Any system that involves a metric to determine eligability to advance based on a system of greets or exchanged says/tells/emotes is going to encourage quantity over quality, as has been stated already by a few people. It is very much like trying to polish a teapot with a handful of soot. It's not going to accomplish your goal, and is in fact going to go quite far in the opposite direction.
Any system that exists for encouraging or incentivizing rp should exist purely as a bonus, not as a restraint. In addition, you cannot look at those who are good at mechanics and those who prefer pure mush-style rp as seperate entities in the playerbase, and attempt to single them out as such in any conversation regarding it. In doing that, you are actually only encouraging a greater gap between the "societies," instead of trying to raise the overall quality of rp in general.
And this is all really about raising overall quality, is it not? Pure quantitative increases in rp are not going to accomplish the intent of this kind of conversation. Three times the amount of crap is still crap, it's just more of it.

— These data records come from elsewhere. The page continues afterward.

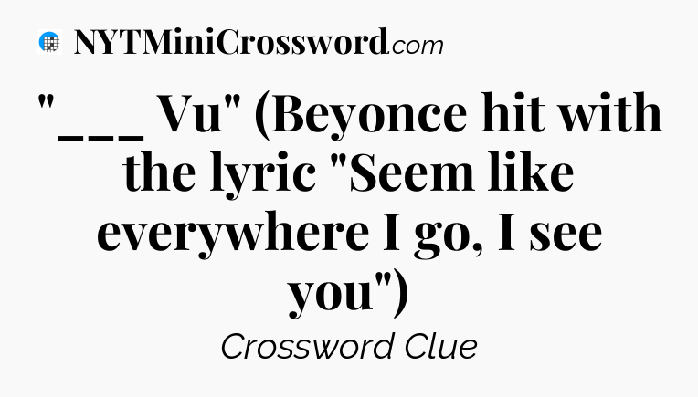 The Answer for “___ Vu” (Beyonce hit with the lyric “Seem like everywhere I go, I see you”) Crossword Clue is: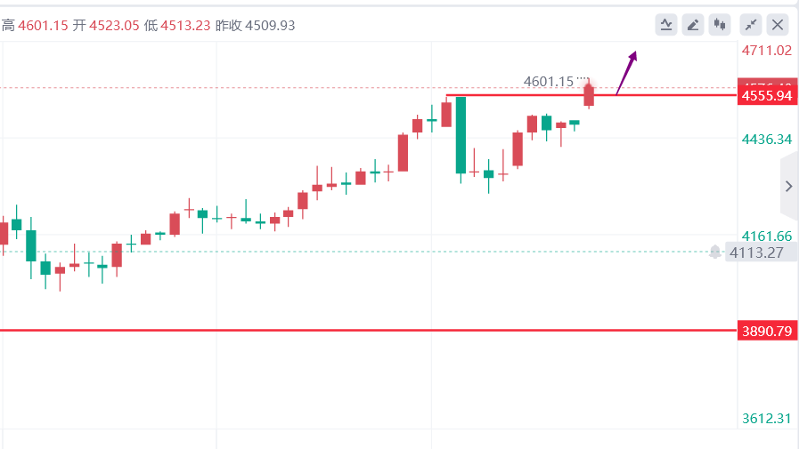 今日早盘黄金大幅拉升至4600美元附近,短线等待回调后仍以做多为主。下方4550美元一线已成为新的支撑位,这个突破后的顶底转换位就是多头进场的最佳参考点。下一站,文承凯瞄准4700-4800美元!中长期依然看涨!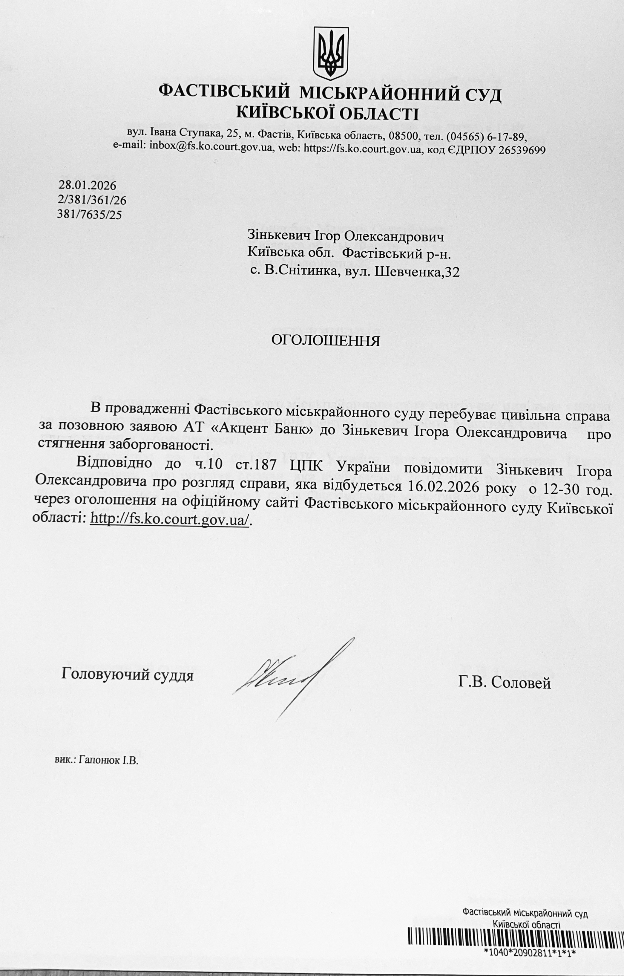Фастівський міськрайонний суд Київської області викликає Зінькевича Ігоря Олександровича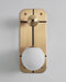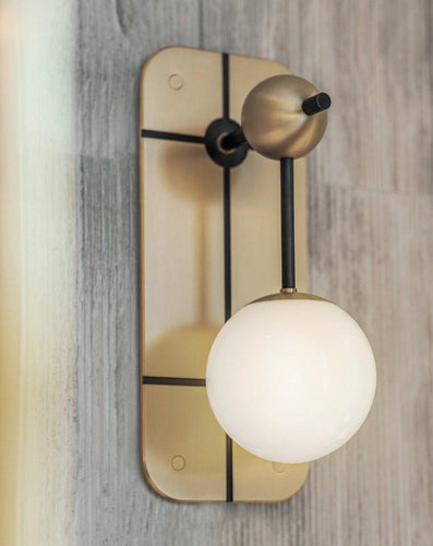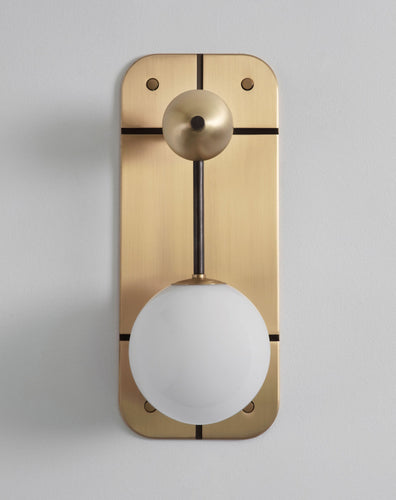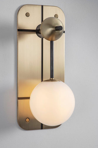 The Rift wall light by Bert Frank is an frosted glass globe which hangs below a brass sphere pinned to a solid brass back-plate with bold, geometric cut-out detail. Soft light plays out into the room while bounding off the brass.
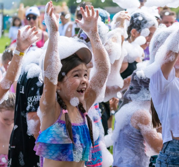 Химические эксперименты от Незнайки, современные челленджи от Кнопочки, логические загадки от Знайки, а яркий финал праздника – неоновая бумажная дискотека.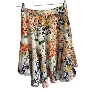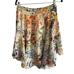 Ranna Gill Jardin Anthropologie Floral Print Cream Flouncy Ruffled Skirt | 6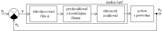 Obr. 5.37. Bloková schéma regulačného obvodu (a) a servomechanizmu (b)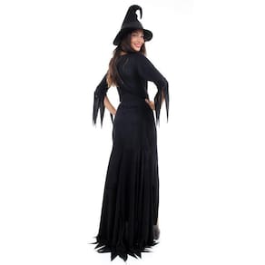 Chapéu de Bruxa Incluso: O traje é complementado por um icônico chapéu de bruxa, tornando-o completo e autêntico.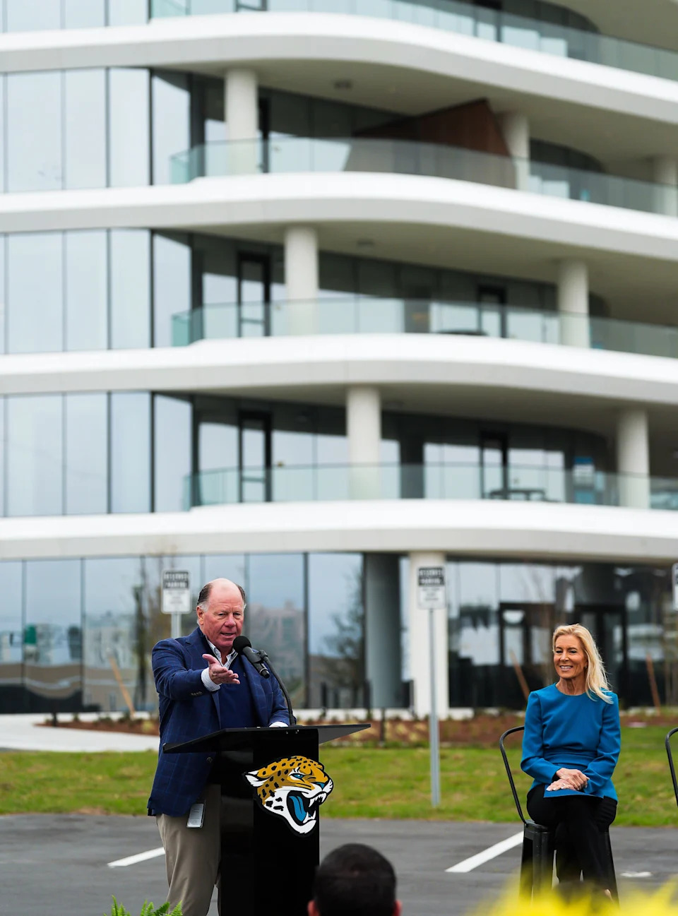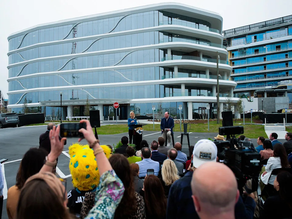 The Jacksonville Jaguars opened their business operations office at One Tower Court, Wednesday March 25, 2026, foreground, with a grand opening and ribbon cutting ceremony. [Doug Engle/Florida Times-Union]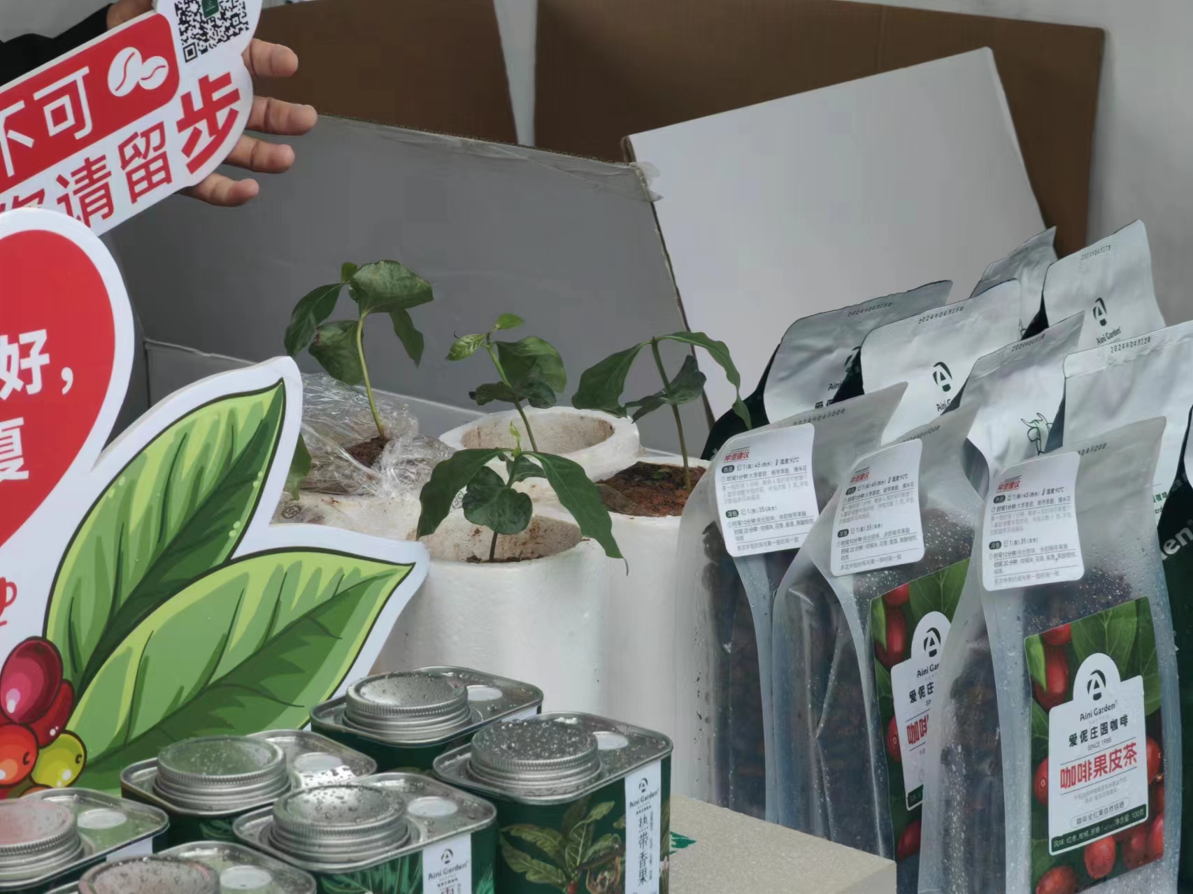 首次参加上海国际咖啡文化节的爱伲咖啡不仅带来了云南瑰夏咖啡豆、咖啡果皮茶等特色产品,还专门空运来了瑰夏咖啡的幼苗供咖啡爱好者认养。如果养护得当,两三年后或许可以在自家的阳台上收获咖啡豆。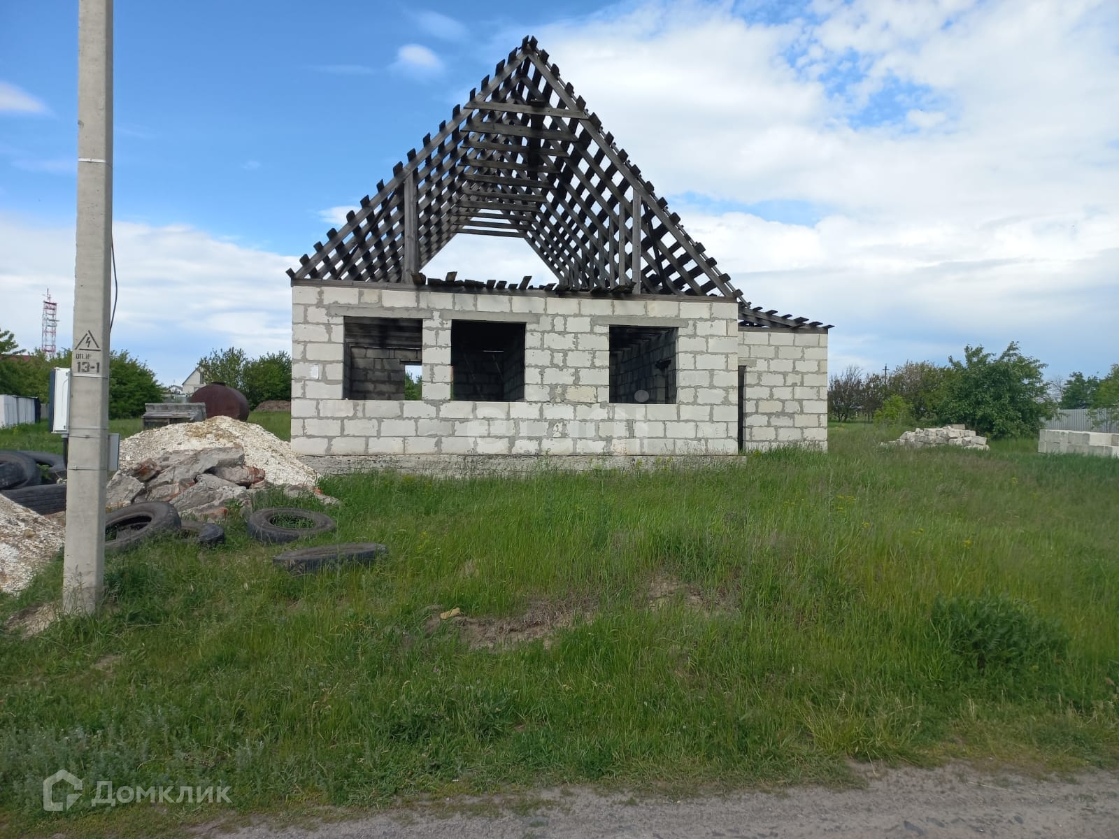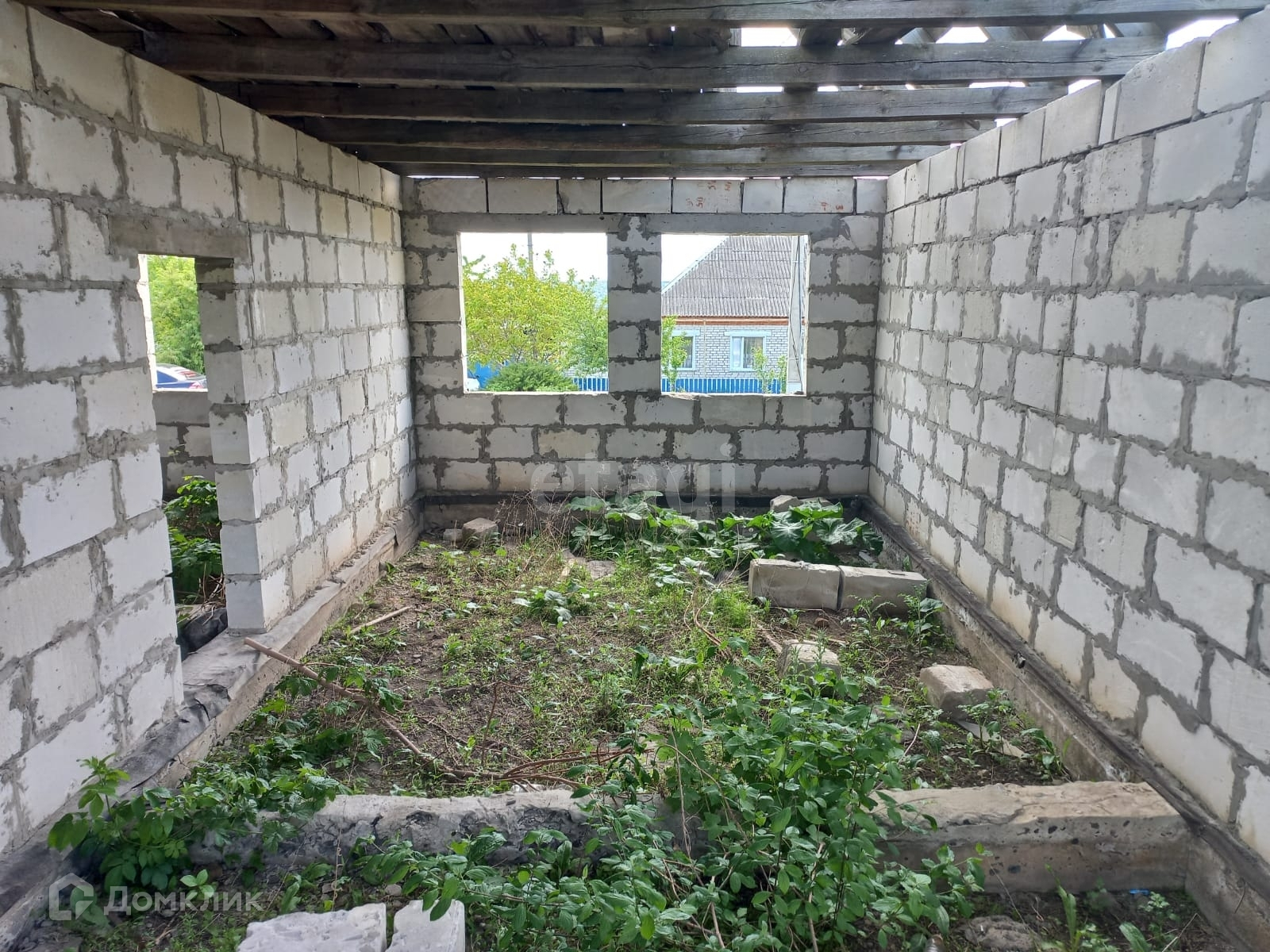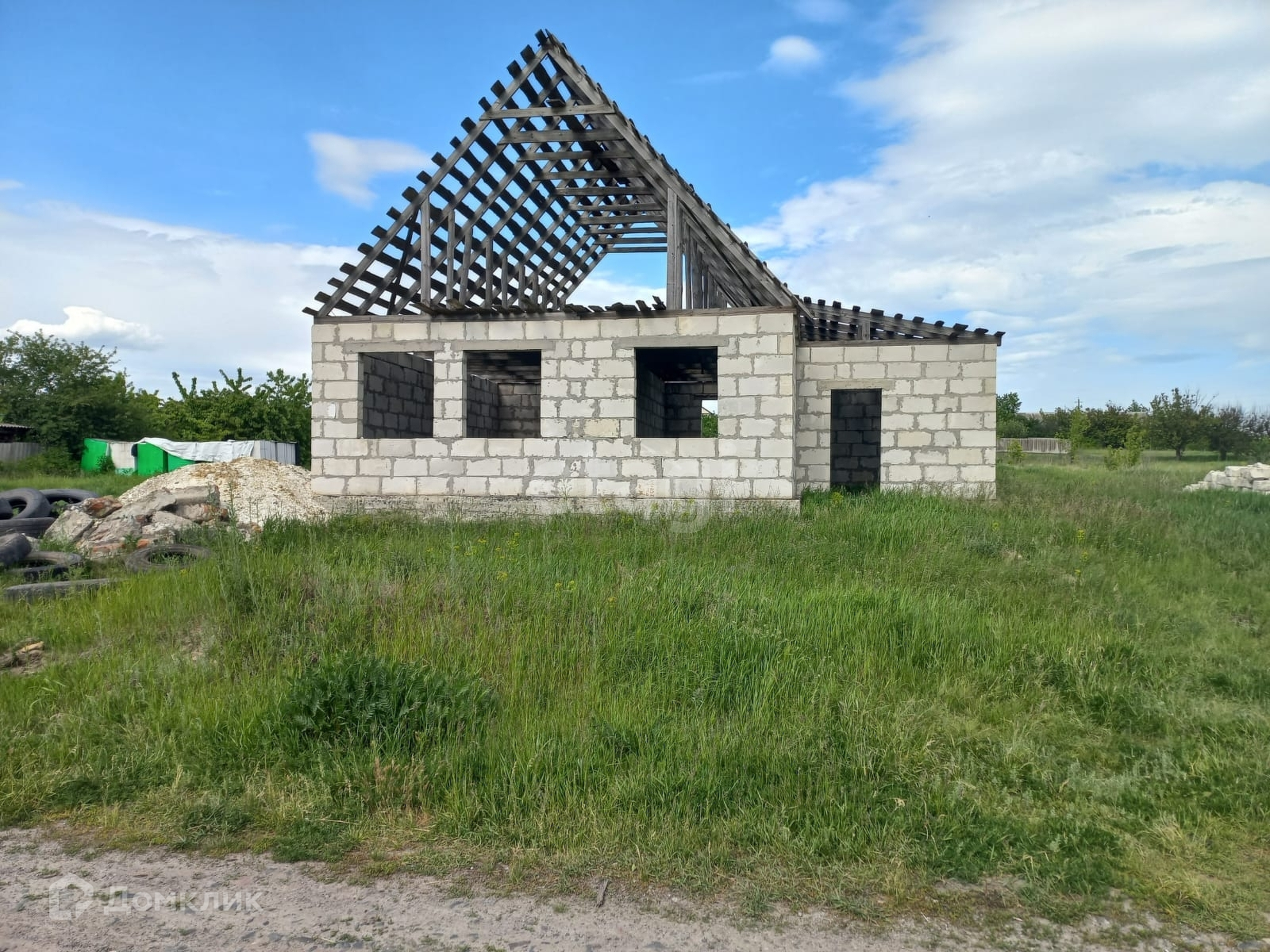 На участке расположен объект незавершенного строительства общей площадью 91,6 кв.м. Материал стен – газосиликатный блок, каркас .

Quality rp is, in a game like sk, also reliant upon the mechanical aspects of the game. That is part of the core charter of the game as well, is it not, Dulrik? Where roleplay and tactics collide, yes? It doesn't matter how great your emotes are, how eloquent your speeches are, how superbly described your character is, if your RP is to be a hardened, hardcore battle hero, but you can't even survive a simple, short encounter in a mechanical sense (whether it's pve OR pvp) then your RP is actually bad. By the same token, if your character is a weak-willed, physically inept, or otherwise heavily impaired by concept, and yet you still go out and wreck faces just because you can manipulate mechanics better than the next guy, your RP is equally bad. In a game such as SK, where the core concept is to have both working in tandem, any incentives SHOULD work towards both. The mechanics are literally made part of the RP.
Frankly, the incentives that most players would probably appreciate are simple enough, and would effectively promote quality AND quantity, but they can't be handled by hardcoding things like greet counters and sayto counters. They will require active oversight by staff, or at the very least a referal and log submission system which other players can use to draw particularly good RP to the attention of those capable of issuing the rewards.
And EXP is probably the least effective reward for quality rps. I've had a number of characters who've had entire free reincarnations stacked up after GM from enlights. It's pointless. Instead, a redesc of an item for personalization, an opportunity for lasting impact on the game world through things like plaques, statues, or small "hall of heroes" type areas that feature portraits of particularly impressive characters are much more impactful to the player mindset. Creation of trinket-style items with a chosen stat/save mod (capped at the usual building level, of course), which cannot be regained if lost or destroyed, or access to unique, top-end, death-rot items that can be recognized by all to be gained only through superior roleplay that the rewarded players can recover through unique quest flags and particular NPCs and keywords. All of those things will actually encourage top-end rp, and increase the overall bar of quality AND quantity of RP. Not only that, you will maintain your core charter of combining RP and mechanical application of concepts through character conflict.